Since this morning, I’m noticing that the completions API is replying with malformed answers every now and then. Anyone noticing the same thing? Here is an example:

Chunk 1:
[
‘{“id”:“chatcmpl-8IVTD4XbqF5boxUIVcTJERVy075ww”,“object”:“chat.completion.chunk”,“created”:1699421567,“model”:"g’
]

Chunk 2:
[
‘pt-4-0613",“choices”:[{“index”:0,“delta”:{“content”:“In”},“finish_reason”:null}]}’
]

Normally, I parse each of these chunks to JSON first in order to extract “choices”, but these chunks cannot be parsed now. This is the first time I see this happening. Anyone noticed the same thing? I’m guessing it might be related to the outage happening now?

Same here. My API calls return gibberish text. However, the web application chat interface works fine.

We face the same issue. Will this stick so should i implement a fix in my code or should we wait for a fix from openai team?

I can confirm, this probably started within the last 24h, all of our previously working code (working for months) has started having a problem with the first couple of chunks.

We are talking about streaming mode here, so:

	const chatResponse = await openai.createChatCompletion({
		...options,
		messages,
		stream: true
	}, {
		responseType: 'stream'
	})

and then handling the stream (as per lots of example code - this has been working for a long time):

			chatStream.on('data', (chunk: Buffer) => {
				const messages = chunk
					.toString('utf8')
					.split('\n')
					.filter(m => m.length > 0)
				for (const message of messages) {
					... // skipped code
					const data = message.slice(dataMarker.length)
					... // skipped code
					const completion: CreateChatCompletionStreamResponse = JSON.parse(data)
					... // etc.

suddenly, the first chunk has a newline in it and results in two “messages”:

data: {"id":"chatcmpl-8J04wP33MFVY0pQoljcFiBsiBW3uC","object":"chat.completion.chunk","created":1699539226,"model":"gpt-4-0613","choices":[{"index":0,"delta":{"role":"assistant","content":""},"finish_reason":null}]}

data: {"id":"chatcmpl-8J04wP33MFVY0pQoljcFiBsiBW3uC","object":"chat.completion.chunk","created":1699539226,"model":"gpt-4-0613"

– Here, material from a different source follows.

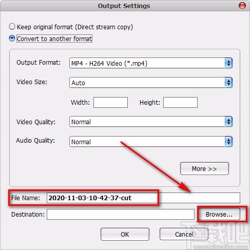8.随后在窗口下方找到“File Name”选项,在该选项后面的文本框中输入文件名称,再点击窗口右下角的“Browse”按钮设置视频的保存位置。

the first parses to “” the second fails to parse as it is not valid JSON (it’s only half the object)

then the next chunk continues:

,"choices":[{"index":0,"delta":{"content":"My"},"finish_reason":null}]}

which does not start with the data marker 'data: ’ so is ignored by code (like How to use stream: true? · Issue #18 · openai/openai-node · GitHub - which is pretty much the code we have been running for months)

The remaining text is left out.